Risk-Adjusted Performance

4 of 100

 
Weak
 
Strong
Weak
Compared to the overall equity markets, risk-adjusted returns on investments in Euronet Worldwide are ranked lower than 4 (%) of all global equities and portfolios over the last 90 days. In spite of comparatively stable technical and fundamental indicators, Euronet Worldwide is not utilizing all of its potentials. The latest stock price uproar, may contribute to short-horizon losses for the private investors.
Appian Corp 

Risk-Adjusted Performance

2 of 100

 
Weak
 
Strong
Weak
Compared to the overall equity markets, risk-adjusted returns on investments in Appian Corp are ranked lower than 2 (%) of all global equities and portfolios over the last 90 days. In spite of very weak basic indicators, Appian Corp may actually be approaching a critical reversion point that can send shares even higher in May 2024.

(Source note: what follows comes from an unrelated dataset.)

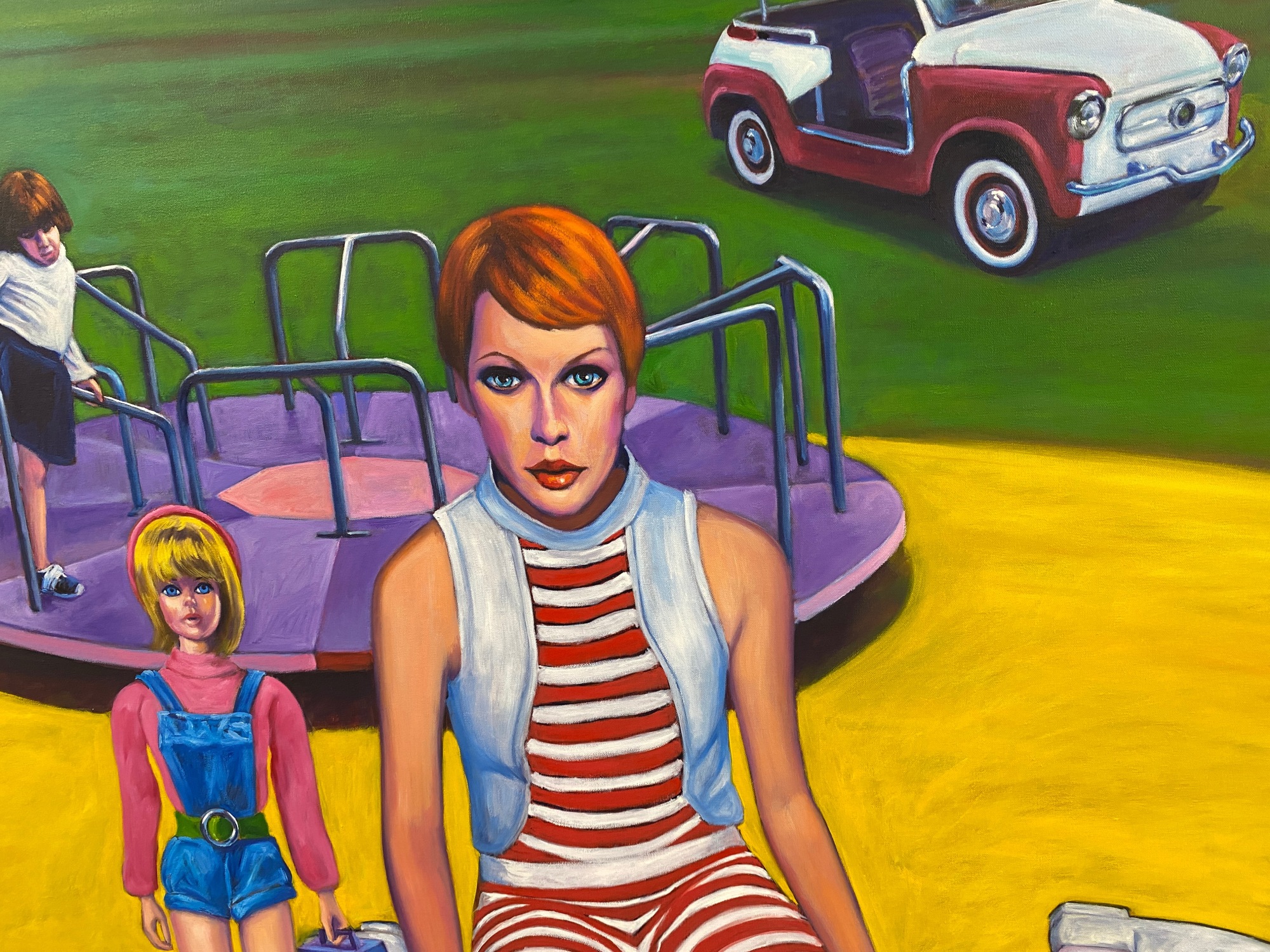 A little girl on a merry-go-round with a 1960's modern woman and walking doll in an Oklahoma landscape.

Euronet Worldwide and Appian Corp Volatility Contrast

   Predicted Return Density   
       Returns  

Pair Trading with Euronet Worldwide and Appian Corp

The main advantage of trading using opposite Euronet Worldwide and Appian Corp positions is that it hedges away some unsystematic risk. Because of two separate transactions, even if Euronet Worldwide position performs unexpectedly, Appian Corp can make up some of the losses. Pair trading also minimizes risk from directional movements in the market. For example, if an entire industry or sector drops because of unexpected headlines, the short position in Appian Corp will offset losses from the drop in Appian Corp's long position.
The idea behind Euronet Worldwide and Appian Corp pairs trading is to make the combined position market-neutral, meaning the overall market's direction will not affect its win or loss (or potential downside or upside). This can be achieved by designing a pairs trade with two highly correlated stocks or equities that operate in a similar space or sector, making it possible to obtain profits through simple and relatively low-risk investment.
Check out your portfolio center.
Note that this page's information should be used as a complementary analysis to find the right mix of equity instruments to add to your existing portfolios or create a brand new portfolio. You can also try the Aroon Oscillator module to analyze current equity momentum using Aroon Oscillator and other momentum ratios.